_EXERCISE INSTRUCTIONS_.
Set the pictures aside and set down only the lines from the line holding "一、近程市場(chǎng)恢" through the end of the entries below, ends included.
☆ ☆ ☆
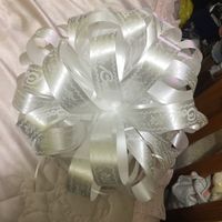 Yo sé q estos moños ya casi no se usan pero a mi me encantan y lo mejor yo los hice, hice 3 , dos para el carro donde se ira mi fe con mi hija y uno donde me iré yo con mi hijo dos pequeños en cada...
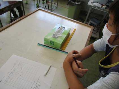 2枚目の写真は、ティッシュの箱の長さを測っています。
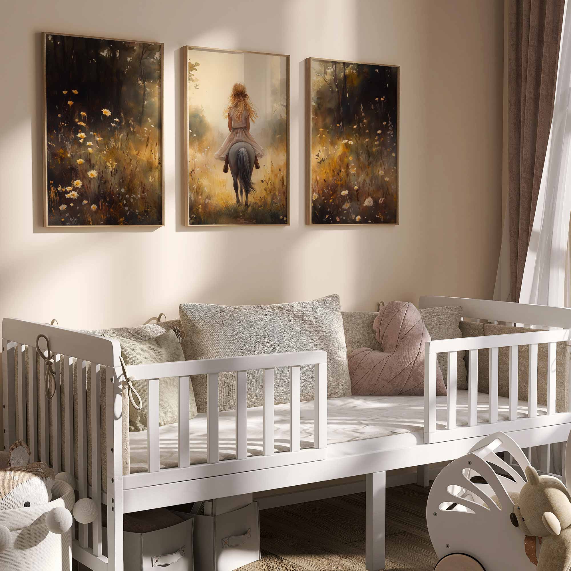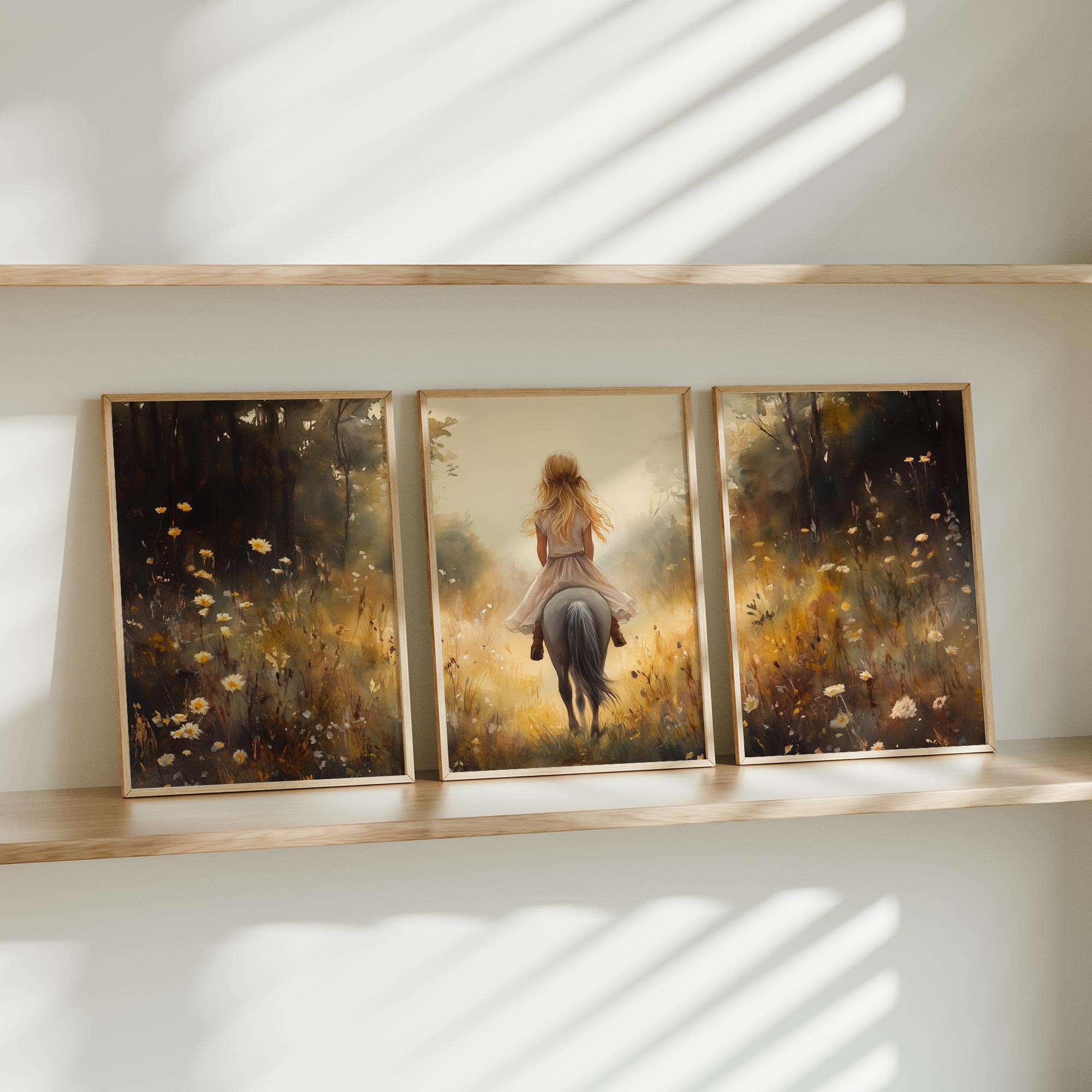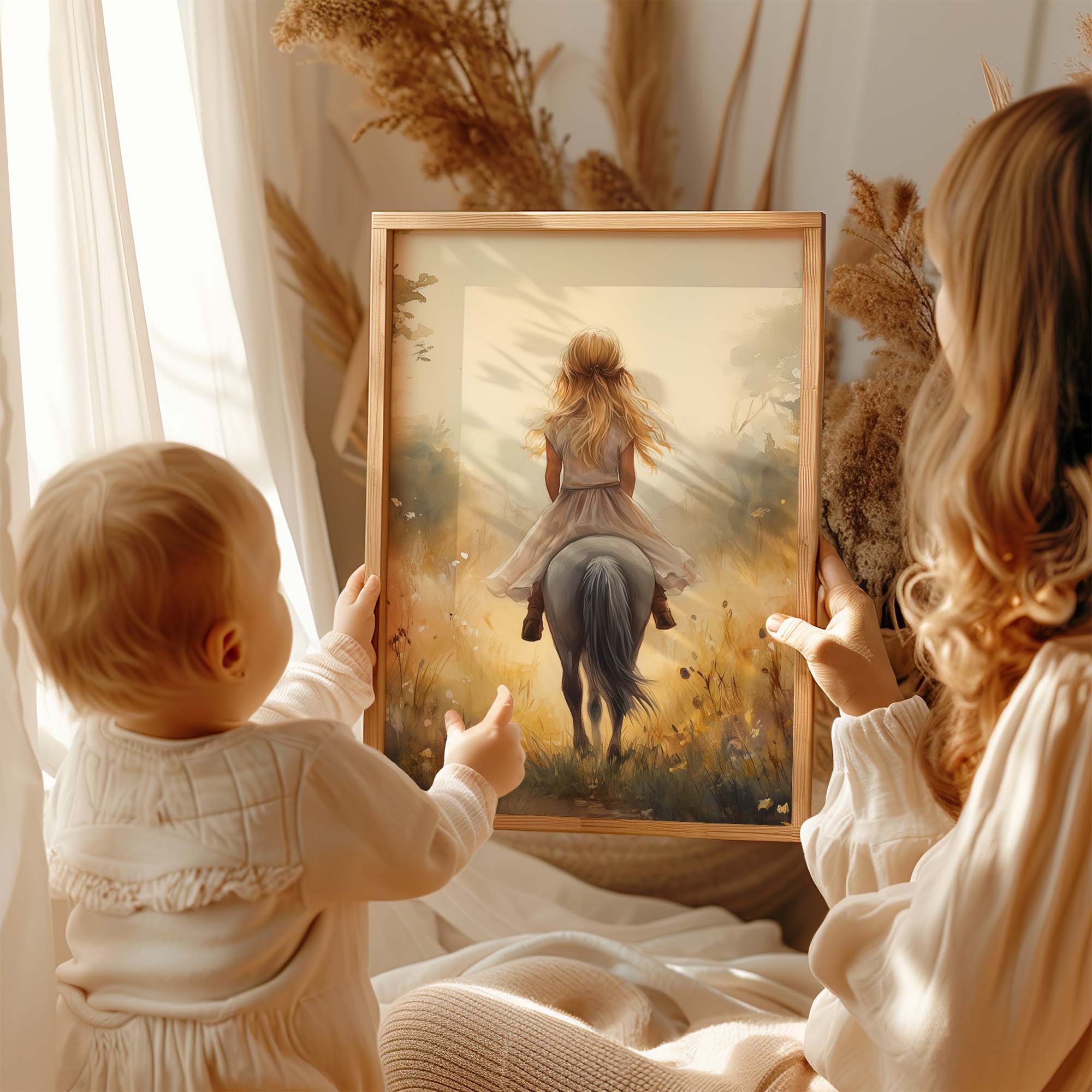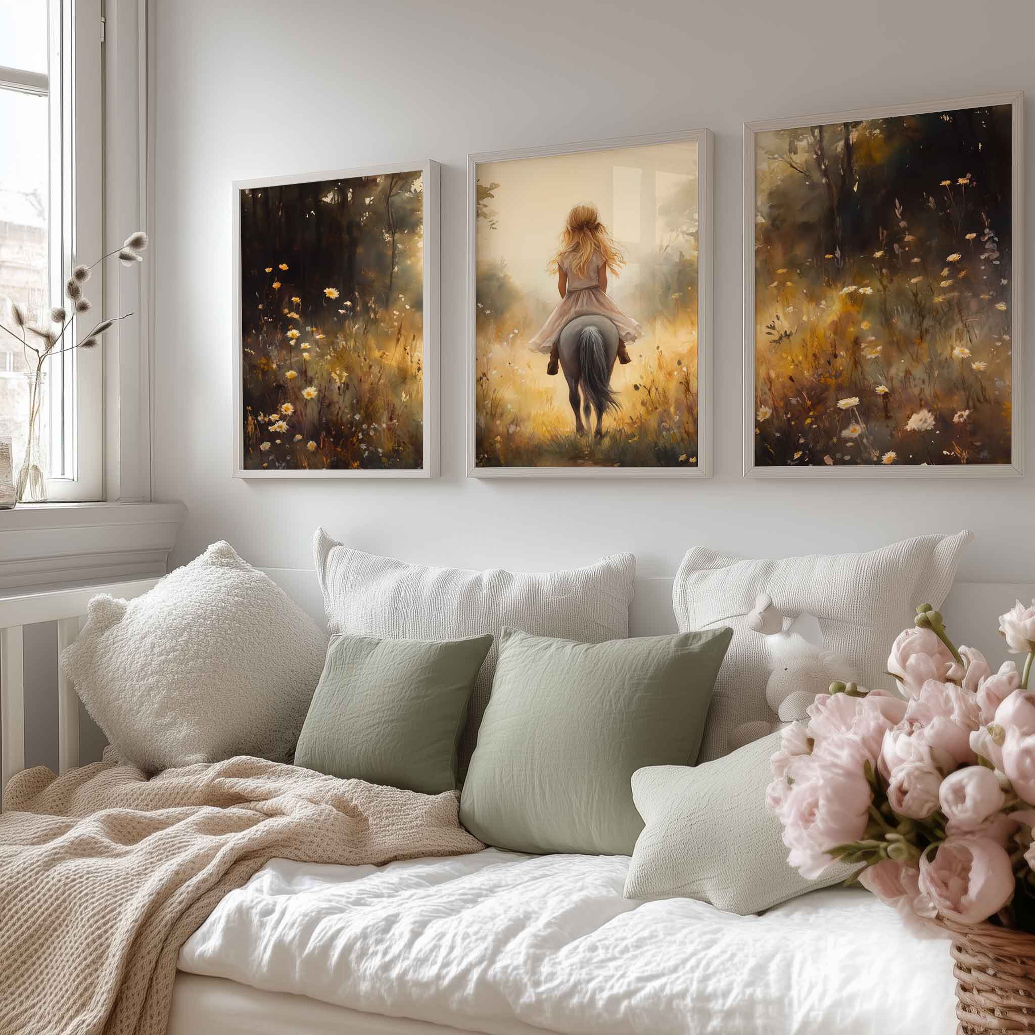 Jonge Meid op Paard in Bloemenveld – Pastel Schilderij
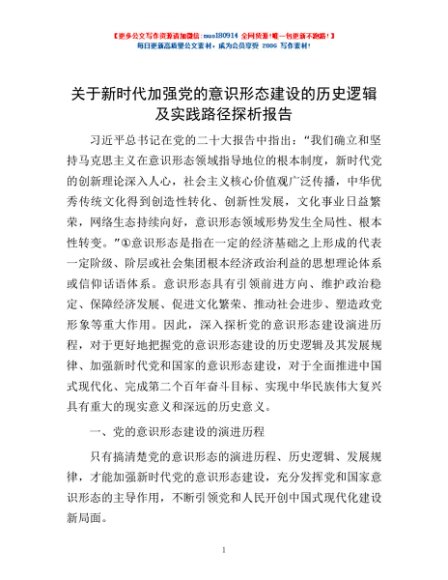 / 关于新时代加强党的意识形态建设的历史逻辑及实践路径探析报告
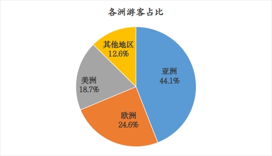 一、近程市場(chǎng)恢復(fù)良好。港澳臺(tái)地區(qū)游客恢復(fù)速度較快,合計(jì)為9.5萬(wàn)人次,恢復(fù)到2019年的80.1%。游客占比方面,亞洲游客(不包括港澳臺(tái)地區(qū))占比為44.1%,較2019年提升7.2個(gè)百分點(diǎn),東南亞地區(qū)游客恢復(fù)情況最好,其中主要客源國(guó)為馬來(lái)西亞、泰國(guó)、新加坡。
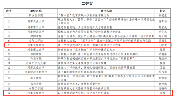 近日,在河南省教育厅办公室公布了2023年教育评价改革优秀案例,我校荣获一等奖1项,二等奖2项。
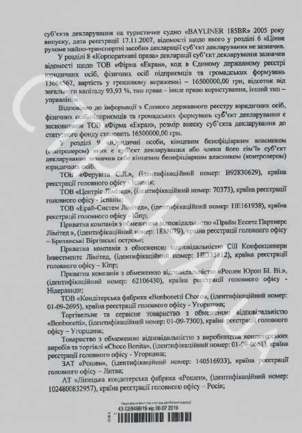 При этом действующий президент не задекларировал туристическое судно 2005 года выпуска, которое, как следует из Судовой книги Украины, у него как раз есть. Также в Государственном земельном кадастре значится 1875-метровый земельный участок, оформленный вновь на супругу Марину Порошенко. Он также не отображен в декларации.
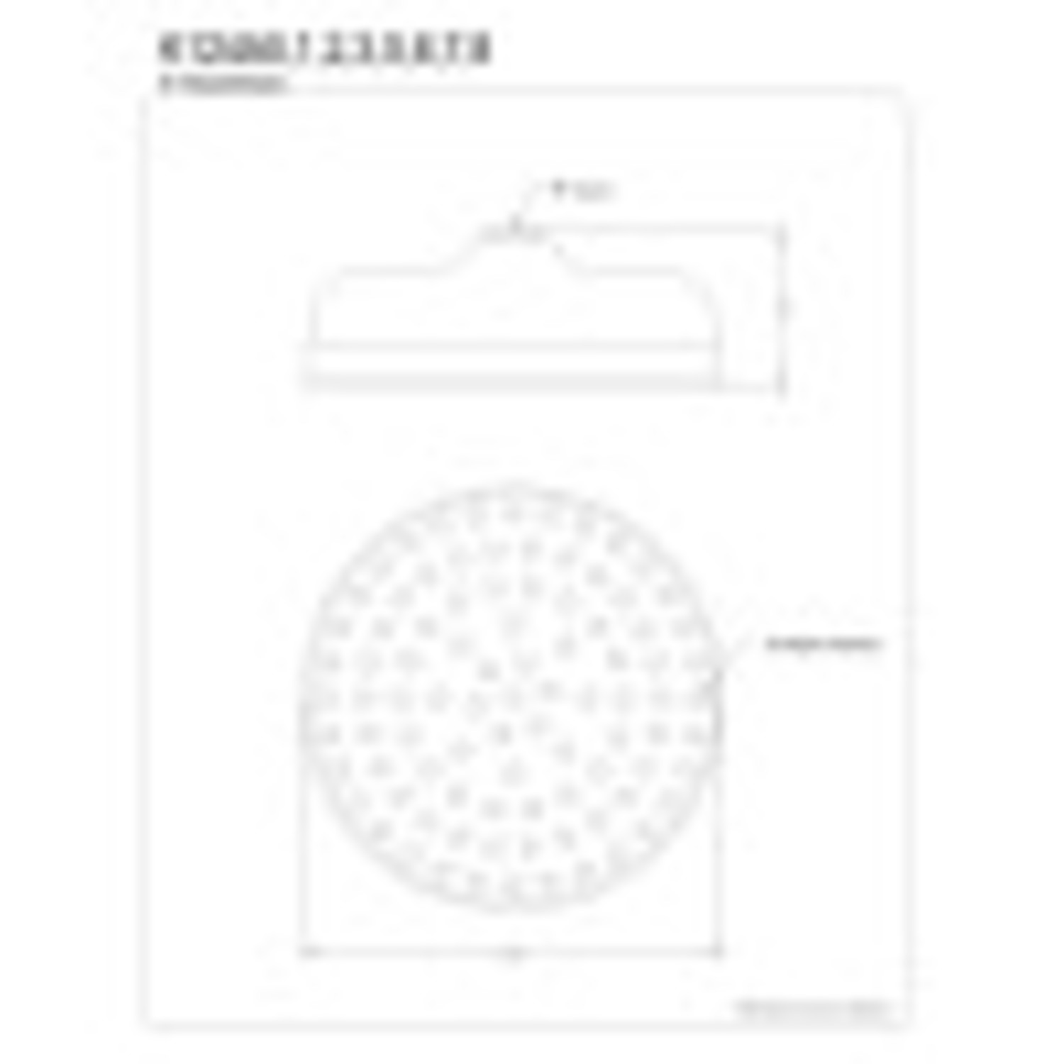 High quality brass construction 91 water channels G 1/2-14 connection 1.8 GPM/6.8 LPM showerhead flow rate at 80 PSI 8″ diameter shower head 3″ height Rain spray shower head Shower arm sold separately; check Kingston Brass catelog for compatibility
☆ ☆ ☆
_SOLUTION TO THIS TASK_.
 一、近程市場(chǎng)恢復(fù)良好。港澳臺(tái)地區(qū)游客恢復(fù)速度較快,合計(jì)為9.5萬(wàn)人次,恢復(fù)到2019年的80.1%。游客占比方面,亞洲游客(不包括港澳臺(tái)地區(qū))占比為44.1%,較2019年提升7.2個(gè)百分點(diǎn),東南亞地區(qū)游客恢復(fù)情況最好,其中主要客源國(guó)為馬來(lái)西亞、泰國(guó)、新加坡。
 近日,在河南省教育厅办公室公布了2023年教育评价改革优秀案例,我校荣获一等奖1项,二等奖2项。
 При этом действующий президент не задекларировал туристическое судно 2005 года выпуска, которое, как следует из Судовой книги Украины, у него как раз есть. Также в Государственном земельном кадастре значится 1875-метровый земельный участок, оформленный вновь на супругу Марину Порошенко. Он также не отображен в декларации.
 High quality brass construction 91 water channels G 1/2-14 connection 1.8 GPM/6.8 LPM showerhead flow rate at 80 PSI 8″ diameter shower head 3″ height Rain spray shower head Shower arm sold separately; check Kingston Brass catelog for compatibility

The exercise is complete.